Question

If \(∮_s\overrightarrow{E}.\overrightarrow{dS}=0\) over a surface, then:

• A. the electric field inside the surface is necessarily uniform
• B. the number of flux lines entering the surface must be equal to the number of flux lines leaving it
• C. the magnitude of electric field on the surface is constant
• D. all the charges must necessarily be inside the surface

Answer 1

The Correct Option is B

The given integral equation is \(∮_s\overrightarrow{E}.\overrightarrow{dS}=0\), which is an expression of Gauss's Law for electricity in integral form for electric flux through a closed surface. This equation indicates that the net electric flux (total number of electric field lines) through the closed surface is zero.

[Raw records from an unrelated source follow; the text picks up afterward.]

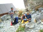 白馬尻にAM8:35到着 澄んだ空気と心地よい汗 ビールタイムの為一休み 小屋の脇では登山客が大勢
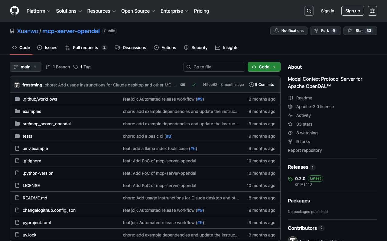 Extend Claude with Xuanwo mcp server opendal capabilitiesIntegrate external data into AI conversationsAutomate workflows combining Claude with specialized servicesBuild custom AI-powered development tools
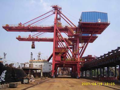 The unloader is a bridge-type grab ship unloader desi&gned by Wuxi Gongli engineering machinery plant for Shanghai Electric Power Co., Ltd.Yangshupo power plant.
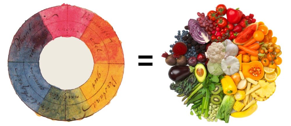 Der Farbkreis nach Goethe zeigt uns, dass alle Farben in pflanzlichen Lebensmitteln vorkommen und tatsächlich genutzt werden können. Verantwortlich dafür sind – wie wir heute wissen – Polyphenole, sogenannte sekundäre Pflanzenstoffe. Diese Polyphenole und die richtigen Ballaststoffe machen es möglich, unser Mikrobiom positiv zu beeinflussen und unsere Gesundheit zu fördern.
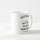 Mug featuring a funny design containing an open book and stars and text saying "Agitate Your Noodle, Read a Book", as in giving the brain a workout. The text and the color of the design can be changed using the "Edit this design" section.
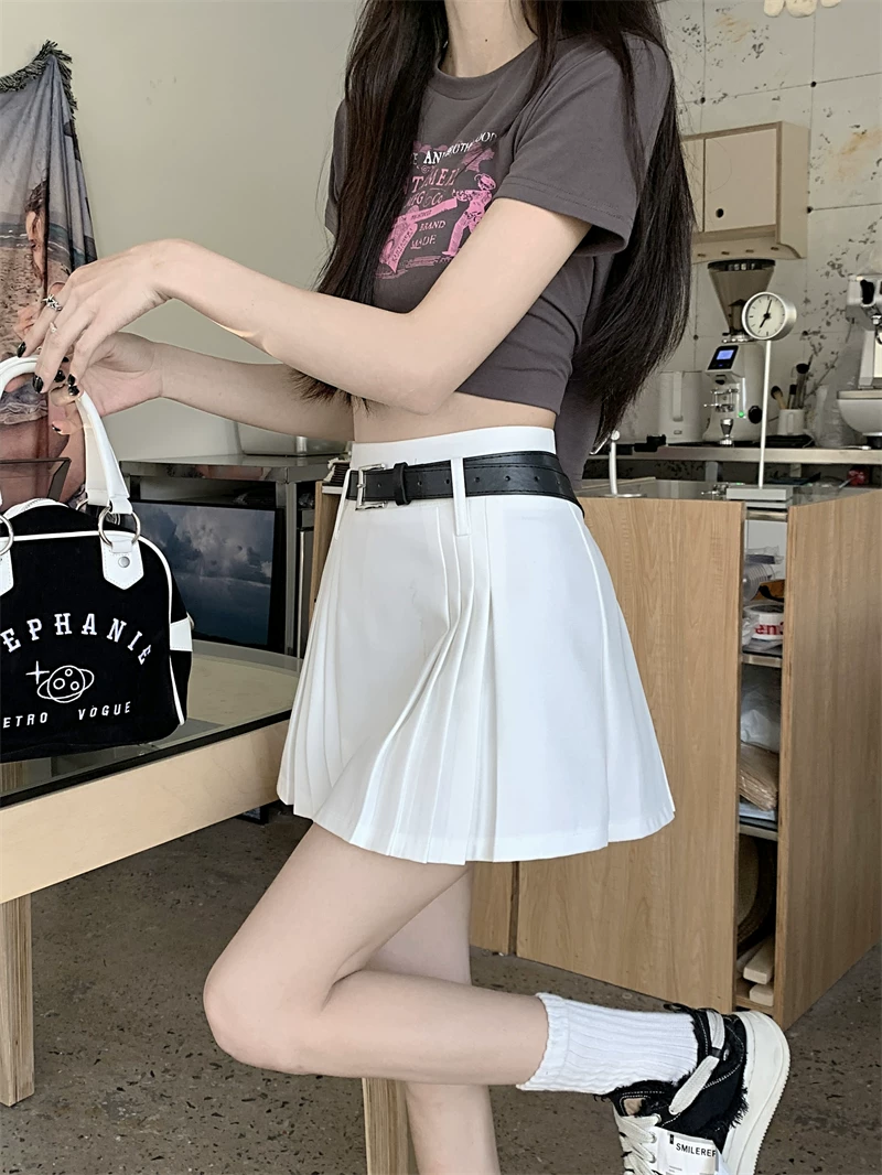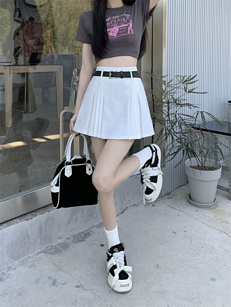- Chân váy trắng thời trang dành cho nữ, size lớn mùa hè, phong cách preppy, chân váy xếp ly cao eo, chân váy ngắn dáng A tôn dáng
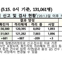코로나19 국내 확진환자 총 131061명 및 격리해제 121282명·사망 1896명, 5월 15일 0시 기준 681명 추가 확인
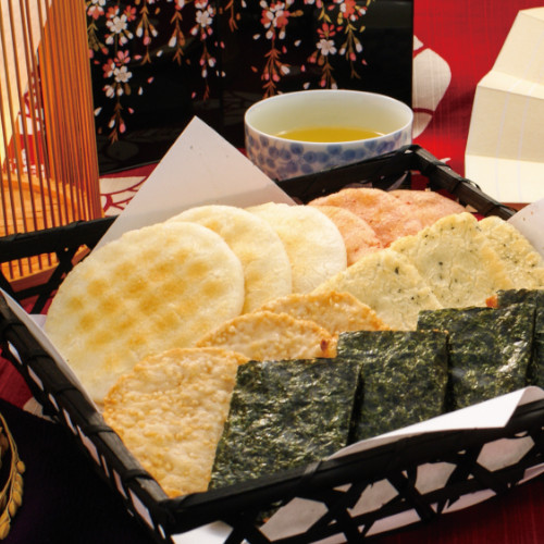 ■内容量:のり巻あられ×6枚、柚子胡椒煎餅×6枚、海老カレー煎餅×6枚、青さ海苔煎餅×4枚、海老塩煎餅×3枚、サラダ煎餅×3枚
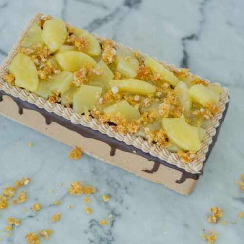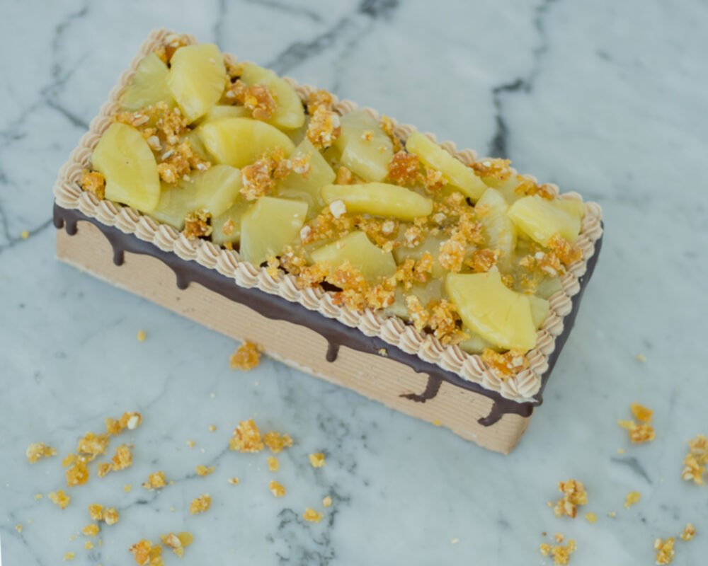 A chocolate cake with chocolate cream and pineapple custard topped with pineapple and nougat
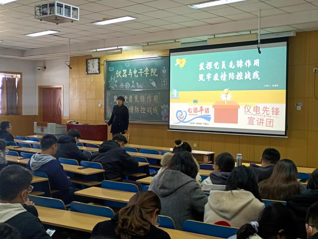 2022年11月14日,心语平话辅导员工作室面向仪器与电子学院400余名本硕博党员进行了“以案示警 争做先锋”的主题教育活动。以案示警,学生党员们从情景剧中深刻认识到疫情就在身边,党员要主动站在防控的第一线,发挥先锋作用。
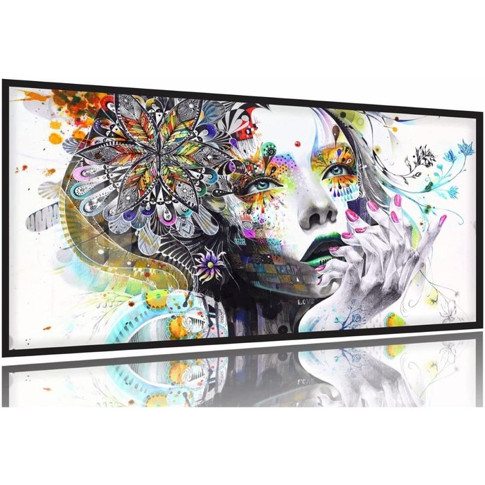 Quadros Decorativos Menina Abstrato Colorido 130x60 Moldura Preta 2x2 Ilustrado
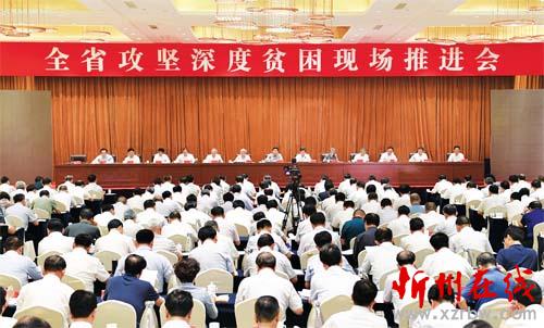 山西日?qǐng)?bào)訊(記者尚慧輝)6月19日,省委在忻州召開全省攻堅(jiān)深度貧困現(xiàn)場(chǎng)推進(jìn)會(huì),也是省委中心組擴(kuò)大的專題學(xué)習(xí)會(huì)。會(huì)議以習(xí)近平扶貧思想為指導(dǎo),分析一年來全省攻堅(jiān)深度貧困形勢(shì),堅(jiān)持目標(biāo)和問題導(dǎo)向,激勵(lì)干部更好擔(dān)當(dāng)作為,強(qiáng)化精準(zhǔn)用力舉措,下足繡花功夫,為堅(jiān)決打贏脫貧攻堅(jiān)戰(zhàn)奠定扎實(shí)基礎(chǔ)。省委書記駱惠寧出席會(huì)議并講話,他強(qiáng)調(diào),要認(rèn)真學(xué)習(xí)貫徹習(xí)近平總書記對(duì)打贏脫貧攻堅(jiān)戰(zhàn)三年行動(dòng)的重要指示,按照中央指導(dǎo)意見及省委部署,咬定總攻目標(biāo),落細(xì)攻擊點(diǎn)位,完善督戰(zhàn)機(jī)制,奪取戰(zhàn)役全勝。打贏三年脫貧攻堅(jiān)戰(zhàn),必須牢牢抓住主要矛盾、聚焦深度貧困,做到焦點(diǎn)不散、靶心不變,持續(xù)用力、盡銳出戰(zhàn),以攻堅(jiān)深度貧困帶動(dòng)面上扶貧工作。國務(wù)院扶貧開發(fā)領(lǐng)導(dǎo)小組副組長(zhǎng)、國務(wù)院扶貧辦主任劉永富出席會(huì)議并講話。省委副書記、省長(zhǎng)樓陽生主持會(huì)議。

Let's evaluate the options: 

The electric field inside the surface is necessarily uniform:
This is incorrect. A zero net electric flux through a surface doesn't imply uniformity of the electric field within that surface. The field can vary in different regions, maintaining an overall balance such that net flux remains zero.

The number of flux lines entering the surface must be equal to the number of flux lines leaving it:
Correct. A zero net electric flux indicates that whatever flux enters the surface is equally leaving it, ensuring the total entering equals the total leaving.

The magnitude of electric field on the surface is constant:
This is incorrect. The net flux equating to zero doesn't necessarily imply that the electric field's magnitude remains constant over the surface.

All the charges must necessarily be inside the surface:
This is incorrect. Having zero net electric flux doesn't require charges to be inside the surface. Charges can be outside, affecting the field in a way that flux entering equals flux leaving.

Thus, the correct interpretation of the given condition is that the number of flux lines entering the surface must be equal to the number of flux lines leaving it.

Answer 2

The correct option is (B): the number of flux lines entering the surface must be equal to the number of flux lines leaving it

\(\oint\vec{E}.\vec{d}s\) represents electric flux over the closed surface.

When \(\oint\vec{E}.\vec{d}s\)=0, it means the number of flux lines entering the surface, will be equal to the number of flux lines leaving it.

As, \(\oint\vec{E}.\vec{d}s=\frac{q}{\epsilon_0}\) where q is the charge enclosed by the surface.

When \(\oint\vec{E}.\vec{d}s=0\),q=0 i.e, net charge enclosed by the surface must be zero.